» Task input:
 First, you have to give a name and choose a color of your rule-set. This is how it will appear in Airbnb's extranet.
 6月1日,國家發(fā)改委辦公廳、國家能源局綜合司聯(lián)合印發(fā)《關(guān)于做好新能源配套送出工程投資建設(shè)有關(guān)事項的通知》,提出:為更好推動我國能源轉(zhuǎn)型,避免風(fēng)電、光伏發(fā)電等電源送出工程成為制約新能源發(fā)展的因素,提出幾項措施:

==

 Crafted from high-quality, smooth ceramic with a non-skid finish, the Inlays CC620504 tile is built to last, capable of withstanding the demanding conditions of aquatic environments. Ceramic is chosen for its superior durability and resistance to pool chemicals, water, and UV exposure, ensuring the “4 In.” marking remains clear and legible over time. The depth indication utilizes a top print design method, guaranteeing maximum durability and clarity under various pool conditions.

* * *

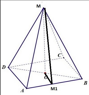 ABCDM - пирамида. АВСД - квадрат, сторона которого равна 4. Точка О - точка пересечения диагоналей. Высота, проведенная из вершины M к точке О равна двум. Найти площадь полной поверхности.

» Instructions for the task:
Leave out every line above except those from the line with "First, you have" up to and including the line with "6月1日,國家發(fā)改委", and copy those exactly.

» Solution for this exercise:
 First, you have to give a name and choose a color of your rule-set. This is how it will appear in Airbnb's extranet.
 6月1日,國家發(fā)改委辦公廳、國家能源局綜合司聯(lián)合印發(fā)《關(guān)于做好新能源配套送出工程投資建設(shè)有關(guān)事項的通知》,提出:為更好推動我國能源轉(zhuǎn)型,避免風(fēng)電、光伏發(fā)電等電源送出工程成為制約新能源發(fā)展的因素,提出幾項措施:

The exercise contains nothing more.